About this exercise:
Scan the listing below and copy every line holding "Lotto".

Material to process:
--- START ---

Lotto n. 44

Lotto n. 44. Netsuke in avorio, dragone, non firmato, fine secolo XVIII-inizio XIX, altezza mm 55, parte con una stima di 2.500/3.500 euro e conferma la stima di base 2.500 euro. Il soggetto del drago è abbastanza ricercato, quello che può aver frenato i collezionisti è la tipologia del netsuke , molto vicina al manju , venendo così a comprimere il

--- END ---
--- START ---

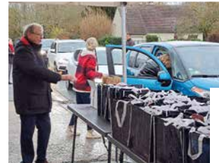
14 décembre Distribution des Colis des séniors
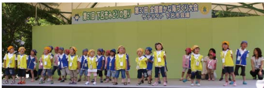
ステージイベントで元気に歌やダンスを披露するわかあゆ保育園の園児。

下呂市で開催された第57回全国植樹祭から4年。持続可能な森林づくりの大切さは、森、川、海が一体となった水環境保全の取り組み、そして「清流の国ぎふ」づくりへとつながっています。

--- END ---

Exercise answer:
Lotto n. 44
Lotto n. 44. Netsuke in avorio, dragone, non firmato, fine secolo XVIII-inizio XIX, altezza mm 55, parte con una stima di 2.500/3.500 euro e conferma la stima di base 2.500 euro. Il soggetto del drago è abbastanza ricercato, quello che può aver frenato i collezionisti è la tipologia del netsuke , molto vicina al manju , venendo così a comprimere il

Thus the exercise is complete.